Teachers and Examiners (CBSESkillEduction) collaborated to create the Data Analysis Class 11 Notes. All the important Information are taken from the NCERT Textbook Artificial Intelligence (417).

Contents

## Data Analysis Class 11 Notes

### Structured Data

Structured data is a standardized format for describing a page’s content and categorizing it. for example, Names, dates, addresses, credit card numbers, stock data, and other everyday items.

It is a clear structure, and is highly organized in a structured repository. In a relational database management system, it can be simply stored and found because it neatly fits into fixed fields and columns (RDBMS).

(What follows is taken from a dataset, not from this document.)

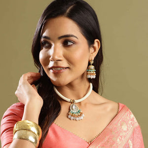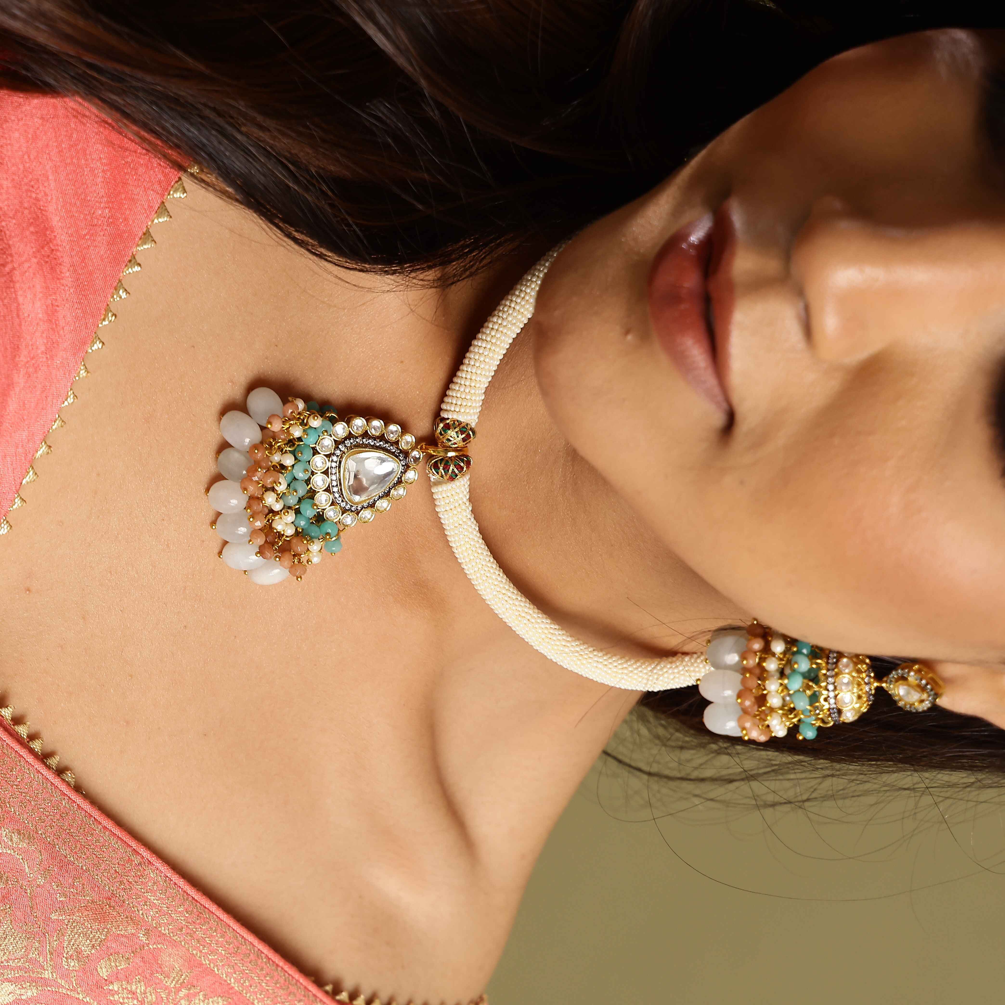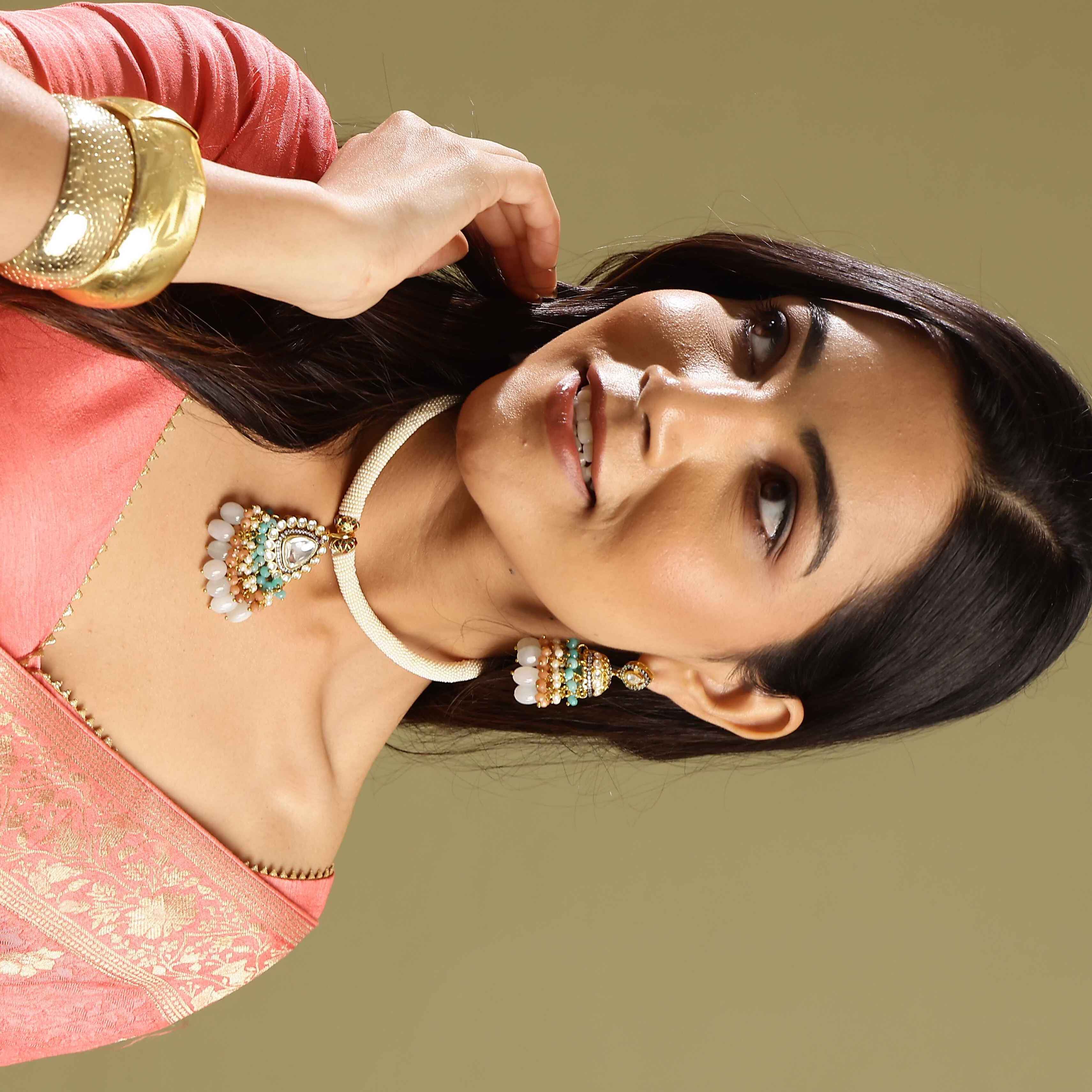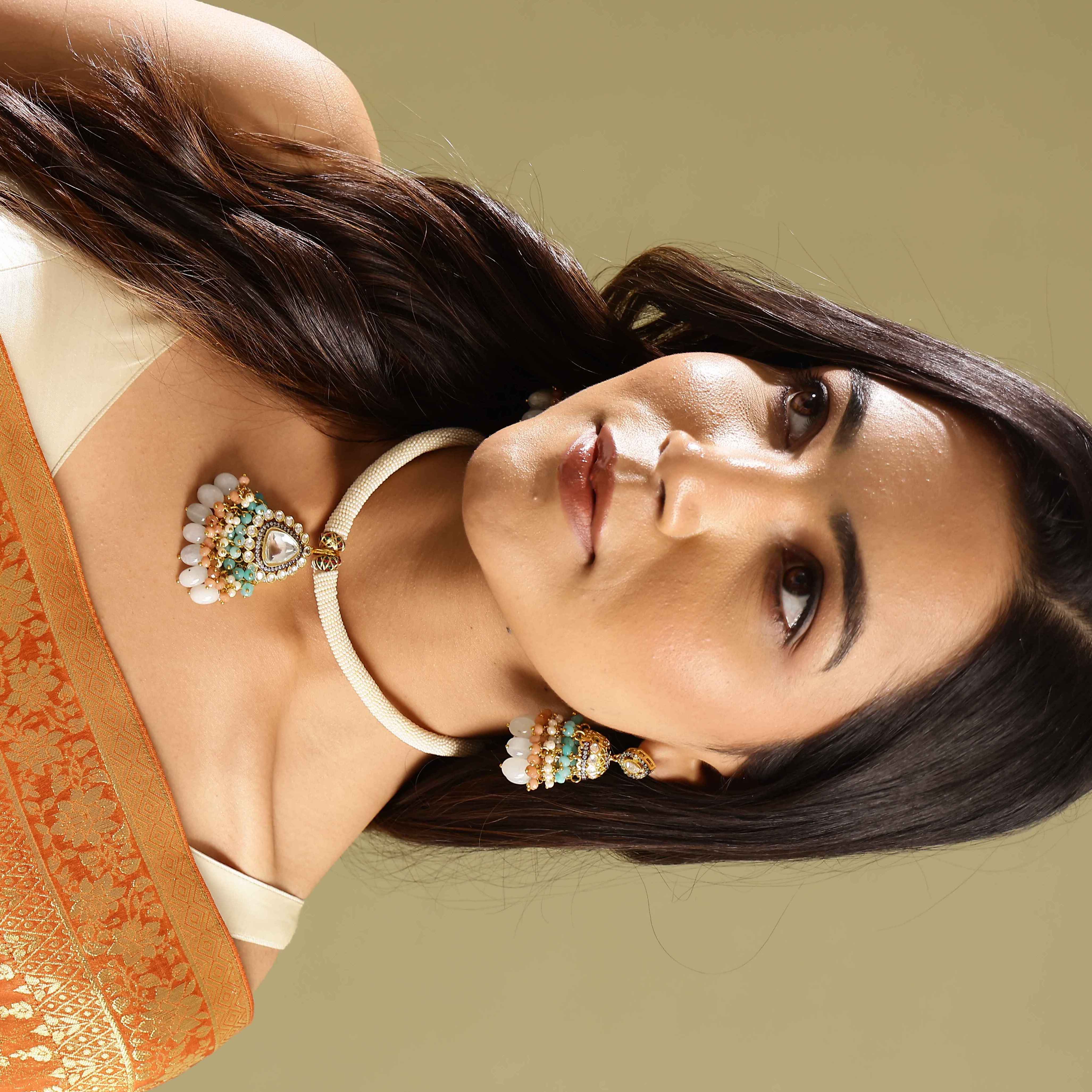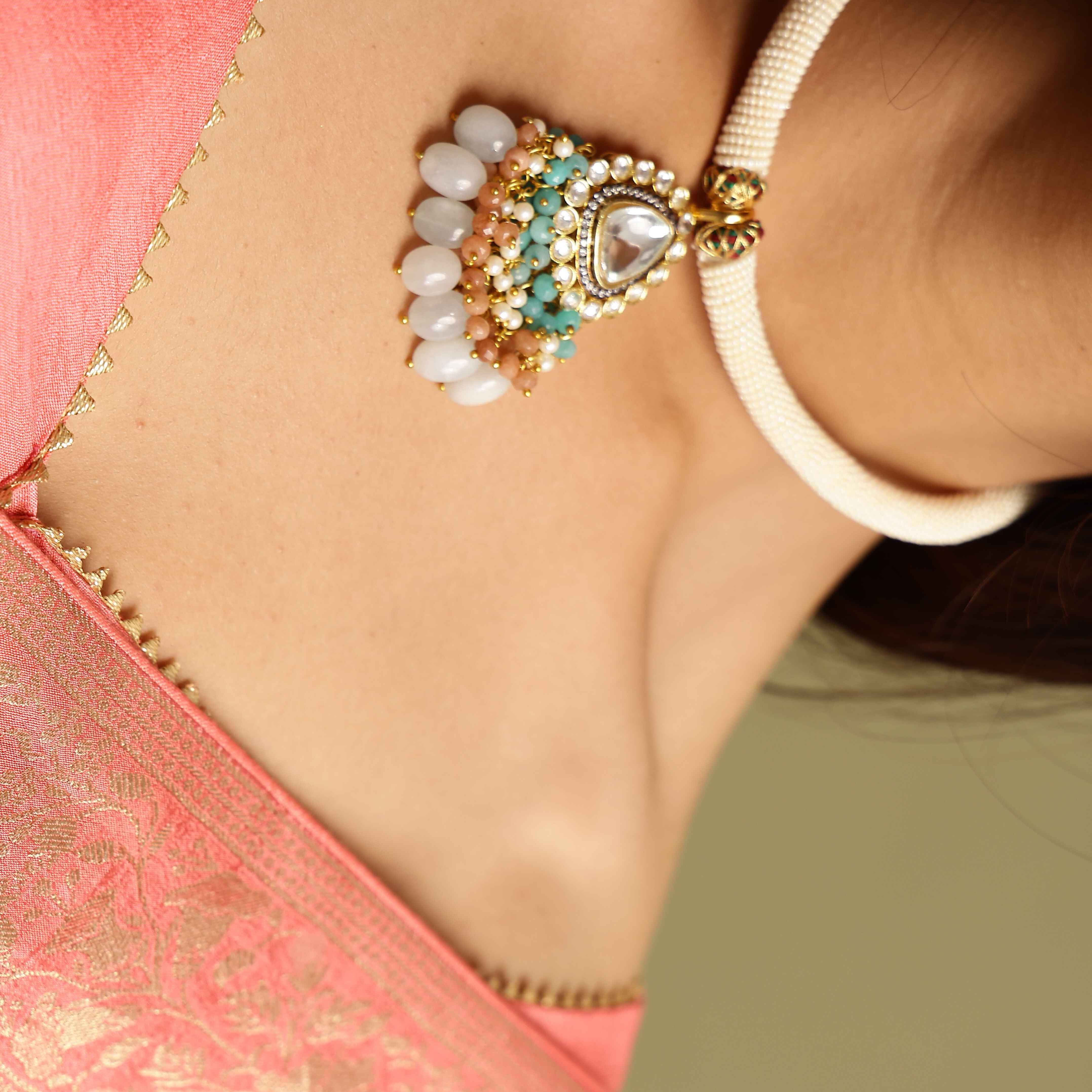 Styling: These are the perfect accessories to accentuate the elegance of your traditional outfit, furthermore, adding a perfect pop of color and edginess. The beautiful elements of the necklace go well with the saree or any western dress. A statement necklace is enough to turn the entire outfit look amazing. It looks better with a solid color outfit or pastel outfit.
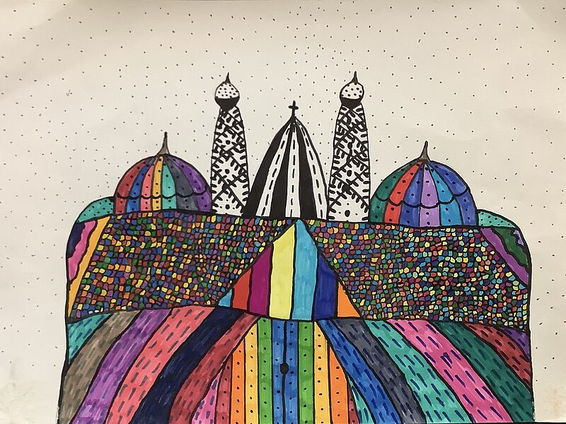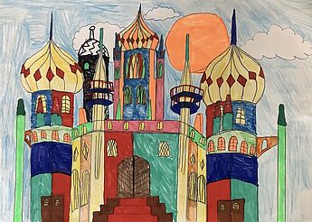 Wie sah wohl der Palast der tausend Farben einmal aus? Genau das haben die die Schülerinnen und Schüler der Klasse 5a gefragt, als sie sie ausgiebig mit dem Thema Primar-, Sekundär- und Tertiärfarben auseinandersetzten. Aufgabe hier war es, die eigene individuelle Vorstellung von dem „Palast der tausend Farben“ zeichnerisch und malerisch zu gestalten.

Common sources of structured data are:
a. Excel files
b. SQL databases
c. Medical devices Logs
d. Online Forms

Characteristics of Structured Data
a. High organized
b. Clearly defined
c. Easy to access
d. Easy to analyze

Examples of Structured Data
a. Name
b. Age
c. Gender
e. Phone Number
f. Currency
g. Date
h. Billing info

Sources of Structured Data
a. SQL database
c. Sensors
d. Medical Device
e. Online Forms
f. Point of Sales Systems
g. Web and Server Logs

Data Analysis Class 11 Notes

### Date and Time Datatype

Date and Time datatypes are used to hold values with both date and time information. Date-time information can be stored in a variety of formats.

#### String Data Type

An array of bytes (or words) that stores a succession of elements is frequently used to build the structured data type known as a string. A string can contain [A – Z], [as z], [0 -9], and [all special characters], yet they are all treated as though they were text because they can store alphanumeric data. There are also spaces in it. String information has to be enclosed in quotes (“”or”).

Examples:
Address = “9th Floor, SAS Tower, Gurgaon”
“Hamburger”
“I ate 3 hamburgers”.

#### Categorical Data Types

The term “categorical data” also refers to a collection of information that may be categorised into categories, such as the report cards for all students. Because it may be categorised based on the variables included in the report card, such as class, subjects, sections, school-house, etc., this data is known as categorical data.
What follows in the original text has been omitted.